Evguenia Ginzbourg, une grande écrivaine russe, a été détenue dix ans ici. Libérée en 1947, elle est l’auteure du Ciel de la Kolyma. A la mort de Staline en 1953, alors qu’elle apprend la nouvelle à la radio, elle a ses mots : "Alors je m'effondrai, les deux bras sur la table, et éclatai en sanglots violents. Ils me secouaient tout le corps. Ce n'était pas seulement le relâchement de la tension nerveuse de ces derniers mois passés dans l'attente d'une troisième arrestation. C'étaient les larmes de 20 années. En une minute, tout défila devant mes yeux. Toutes les tortures et toutes les cellules. Toutes les rangées de fusillés et les foules innombrables d'êtres martyrisés. Et ma vie, ma vie à moi, réduite à néant par la volonté diabolique de cette homme".

Denis a eu de la chance. Il a survécu à Elgen, a grandi et traversé l’histoire : fermeture du camp, le camp qui devient administrativement un village et Denis, d’enfant à adulte, qui en devient le maire ! Une survie éphémère. Paradoxe de l’histoire, les camps ont créé de l’activité, certes forcée, mais de l’activité, du passage, forcé, une vie administrative forcée.

Mais vivre libre ici est une forme d’aberration. Froid infernal l’hiver, moustiques, mouches dévoreuses les quelques mois d’été dans une chaleur étouffante... Alors, finalement, Elgen meurt. Seule la folie de Staline pouvait décider de faire vivre cette plaine isolée et impitoyable, si loin de tout. Les baraquements de bois disparaissent, les survivants meurent, les vivants fuient. Elgen n’est plus habitée depuis l’an dernier. Un fantôme de plus dans la Kolyma.

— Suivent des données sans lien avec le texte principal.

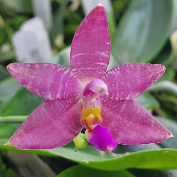 A compact and potentially striking hybrid, combining the small stature of Phalaenopsis Minus with the deep coloration of Phalaenopsis Indigo Blue.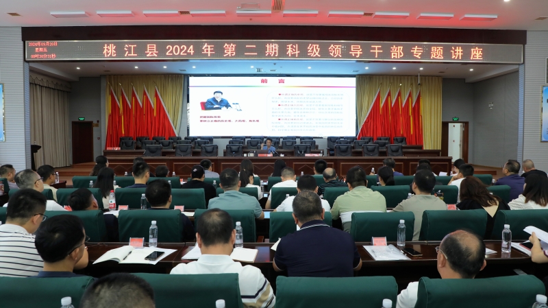 9月20日,桃江县2024年第二期科级领导干部专题讲座在县党政大楼附属楼三楼会议室开讲,2024年第二期科级领导干部专题讲座选修人员、2024年秋季科干班全体学员、县委党校教师共443人参加学习。

Des chercheurs d'or indifférents au passé

Les goulags laissent la place à quelques chercheurs d’or autorisés ou clandestins. Officiels, ils ravagent les zones de prospection aux bulldozers. Clandestins, ils arrachent pépite par pépite une maigre richesse à la Kolyma. Les goulags ne les concernent pas, ils n’y pensent pas. C’est la victoire du temps et du régime.

Le goulag s’est ancré dans les subconscients russes, le refus d’en parler s’exprime comme une forme de négation d'où l’on vient, le refus de reconnaître la sauvagerie passée. Avec la dissolution de l'ONG Memorial par la Cour suprême russe, des millions de morts en attente de réhabilitation disparaitront comme les fantômes des goulags. Et les créateurs de l’ONG redoutent que la défense des droits de l’homme en Russie ne soit annihilée par la même occasion.

Seul 1% des cimetières du goulag répertoriés, selon l'ONG

Dans la Kolyma, et dans toute la Russie, des milliers de camps de travail ont été créés en Union Soviétique, regroupés en près de 500 complexes essentiellement dans les régions les plus difficiles et les plus éloignées des grands centres urbains. Les archives soviétiques ont été ouvertes en 1989 : de dix à 18 millions de personnes ont été déportées entre 1921 et 1953 - date de la mort de Staline -, des centaines de milliers de personnes exécutées, plus de 700.000 et au total jusqu’à quatre millions de morts d’épuisement, de maladie…

En 2004, Memorial publiait après dix ans de recherches, un CD-ROM contenant les noms d'1,3 million de victimes de la répression stalinienne. Elena Jemkova, la directrice exécutive de l’organisation, estime qu’il y a eu au moins dix fois plus de victimes, et que pour terminer le travail, il faudrait encore plus d’un siècle. Selon Memorial, seulement 1% des cimetières du goulag répartis sur l’immense territoire russe auraient été répertoriés.

Photos de l’été 2000 et fin de printemps 2008. Ivan Panikarov a été récompensé pour son travail en 2020. Nous n'avons pas eu de nouvelles de Denis. Elgen, devenue un village, a fermé, et Iagodnoe ne cesse de perdre des habitants. Le village en compte moins de 3.000 dorénavant.